El puente hacia el Nuevo Testamento está listo, pero el vaticinio contempla un horizonte triste.

Mientras la predicción de Isaías consume el tiempo requerido para su cumplimiento, los clanes continúan sumidos en la infidelidad. El castigo rebosó las fronteras.

Los enemigos avanzaron. Salmanasar V, rey asirio desde el 726 hasta el 722 a. C., tomó a Samaria, capital de Israel. La caída de Samaria permite el destierro de los israelitas a Asiria. El reino desaparece en el año 721 a. C.

La invasión y la deportación les trajeron consecuencias nefastas.

Senaquerib (reinó entre el 705 y el 681 a. C.), hijo de Salmanasar V, asedió e invadió Jerusalén en el año 701 a. C. Los líderes de Judá se las vieron con un formidable estratega. Senaquerib utilizó la marina con la que, en el 694  a. C., persiguió a los rebeldes caldeos y los derrotó. El tirano paseó sus pendones desde Babilonia (del acadio AB-ilim o Babilu, “puerta de Dios”), hasta Egipto.

La expansión gastará ocho décadas más en romper los vínculos telúricos y sagrados de los judíos.

Las reyertas civiles arrecian y las variantes geopolíticas sobre el destino de Asiria, la potencia del Oriente Próximo, traen un cruel viraje. La ciudad de Assur cayó en poder de los medos en el año 614 a. C. Los invasores, provenientes de Media, (antigua región que corresponde a la zona noreste de Irán) se aliaron con los babilonios para tomar a Nínive en el año 612 a. C. El Imperio Asirio cambió de manos. Comienza la Dinastía Neobabílonia o Caldea.
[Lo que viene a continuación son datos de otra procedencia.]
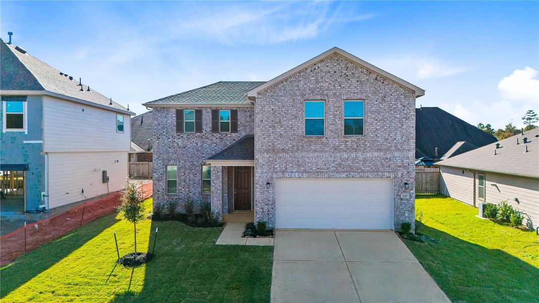 KB HOME NEW CONSTRUCTION - Welcome to 25507 Alpine Switchback Drive, a beautifully appointed two-story home in the desirable Breckenridge Forest community, zoned to Spring ISD! This spacious home features 4 bedrooms, 2.5 baths, and an attached 2-car garage. Step inside to find an open and functional layout with a flex room perfect for a formal dining room, plus a large game room upstairs for added living space. The kitchen showcases Silestone countertops, an added breakfast bar, stainless steel Whirlpool appliances, and rich 42" Woodmont cabinets. The primary suite offers a private retreat with dual sinks and a generous walk-in closet, while two of the secondary bedrooms also feature walk-in closets for ample storage. Additional highlights include an 8' entry door with SmartKey hardware, 2" wood blinds, exterior lantern lighting, front gutters, and a rear patio slab—perfect for outdoor relaxation. Don’t miss your chance to own this stunning home—schedule your private showing today!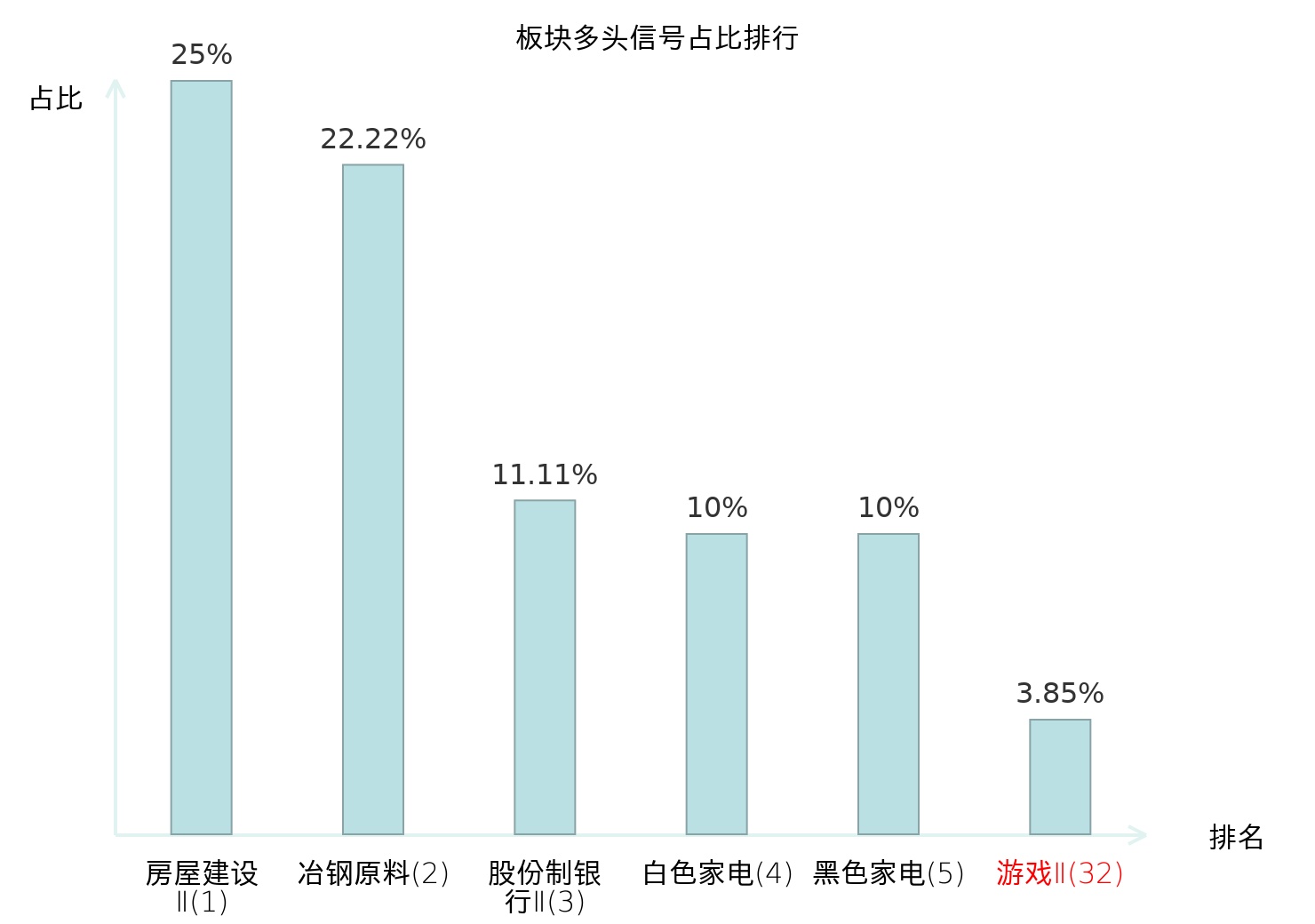 全市场所有行业板块中主力多头信号占比排名中,房屋建设Ⅱ板块位居第一。房屋建设Ⅱ板块名次提升最快,较昨日上升119位。

Nabucodonosor II derrotó al faraón Necao (Nekau) en Karkemish, Siria, en el 605 a. C. y el 7 de septiembre del mismo año se convirtió en rey de Babilonia a la que gobernó entre el 605 y el 562 a.C.

El amo y sus huestes victoriosas avanzaron hacia el occidente. El ejército invadió el sur de Palestina, y el rey Joaquín de Judá se declaró su vasallo.

Pocos años le duró la promesa. El perjuro decidió rebelarse y murió en el intento. Su sucesor, Joaquín, enfrentó un sino fatal. Las fuerzas babilónicas sitian y toman a Jerusalén entre los días 15 y 16 de marzo del 597 a. C., según una crónica escrita en lenguaje cuneiforme.

Joaquín se rindió ante Nabucodonosor II. El vencedor decidió enviarlo cautivo, con sus esposas, los oficiales y el personal del palacio a Babilonia.

Lo peor estaba por llegar. Una década después, el rey Sedequias de Judá se levantó en armas contra el invasor (587-586 a. C.). La acción no fue perdonada. Nabucodonosor II incendió el templo de Jerusalén y deportó a los pobladores a Babilonia. (2 Reyes: 25- 8, 18).

Los esclavos recordaron el mensaje de Isaías, el profeta de la fe. Los desterrados llevaron un augurio feliz: La Virgen dará a luz al Salvador.

En esa época aparece un hecho fundamental, entre el castigo y la fe: Los exiliados regresaron a la zona geográfica del primer destierro.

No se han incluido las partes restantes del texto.